Devil’s Glen Hunger Games challenge encourages young people to adopt healthy eating habits

The young athletes took their training at Duntroon Ski Club to a new level this month, taking part in the club’s first-ever ‘Hunger Games’ initiative, which aimed to promote healthy eating habits.

The competition was called the “HOWCAT Hunger Games Challenge”. Different from the popular movie franchise, which featured physical endurance battles, this was a challenge meant to encourage the development of a healthy eating mindset during March, which is Nutrition Month.

“Throughout the season, I would see kids eating muffins or chips and maybe the athlete here or there had a banana, and they would come up to me so excited when they had that piece of fruit,” says Catherine Struss, a coach of the club’s under-14 (U-14) division. “So I thought you know what for March, why not make it a competition? We’re all athletes, we’re all competitive, and let’s see who can eat the most fruits and vegetables.”

The name HOWCAT is a combination of his name and his colleague Wayne Howard, whose name is Howie.

The trainers developed a points-based system, assigning different values ​​for different fruits and vegetables based on their nutritional value. They were allowed up to two visits to the grocery store each week, which also provided points.

The athletes are all ski racers between the ages of 12 and 13.

“We do a whole bunch of different disciplines,” says Struss. “It’s basically about preparing the athletes for the next steps in their ski career if they want to take it to the college level or to a national team, a provincial team. I hope you produce this athlete who will eventually go to the Olympics one day!”

Struss, a holistic nutritionist, stresses the importance of healthy eating for athletes.

“It’s important to start cementing that at a young age so they can start thinking about it,” Struss says. “I didn’t take anything out of their diet, that wasn’t the point. It was just to plant a seed, spark excitement and provide variety so they could start to question their choices. in getting older.”

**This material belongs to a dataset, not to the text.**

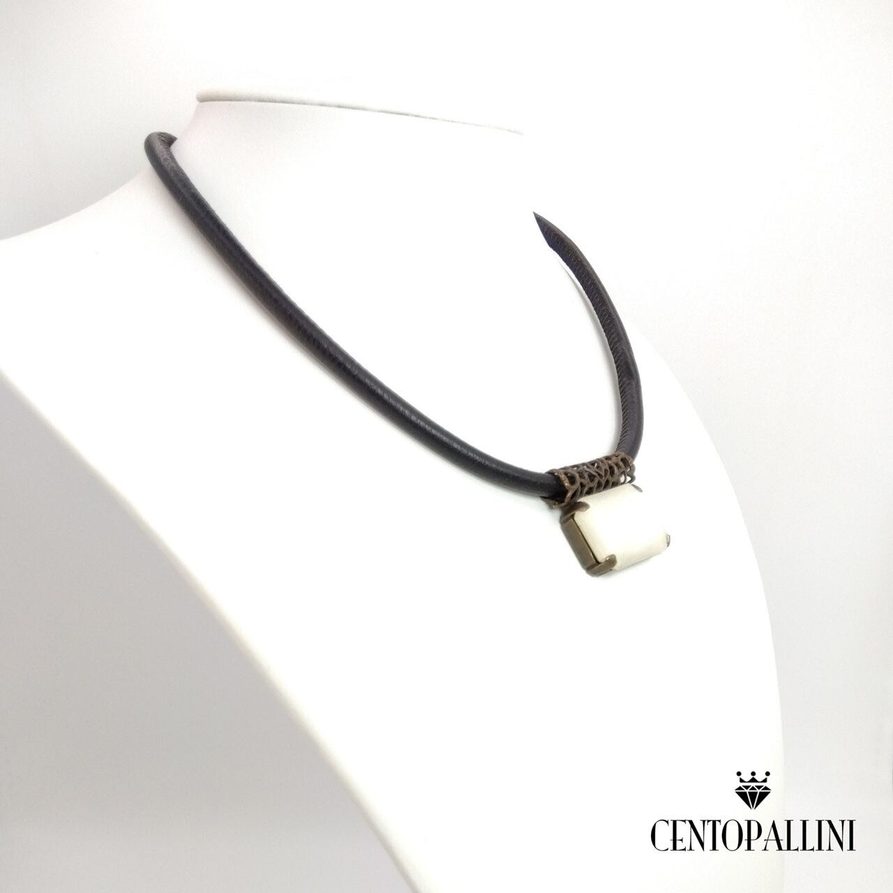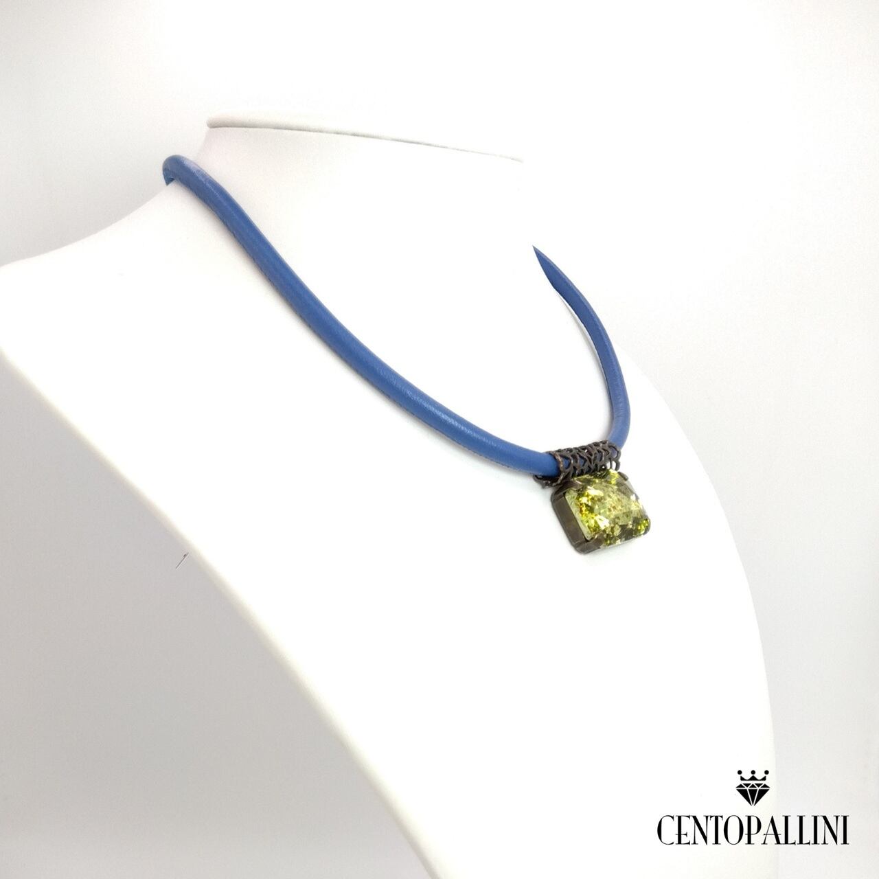 一粒の大きなスクエアクリスタルとレザーコードのショートネックレスです。

However, unlike a traditional food system that awards points, participants were not required to remove unhealthy items from their diet, but to add as many fruits and vegetables as possible.

“I’m beyond proud of all the athletes, and then of course Devil’s Glen has been so supportive of me,” Struss said. “It takes a village to raise a child, and I think that couldn’t be truer in this case.”

The competition attracted many athletes, with the winner earning over 1,000 points.

As the athletes wrapped up their season, prizes were handed out on Saturday, which were largely ski-focused and donated by various community partners.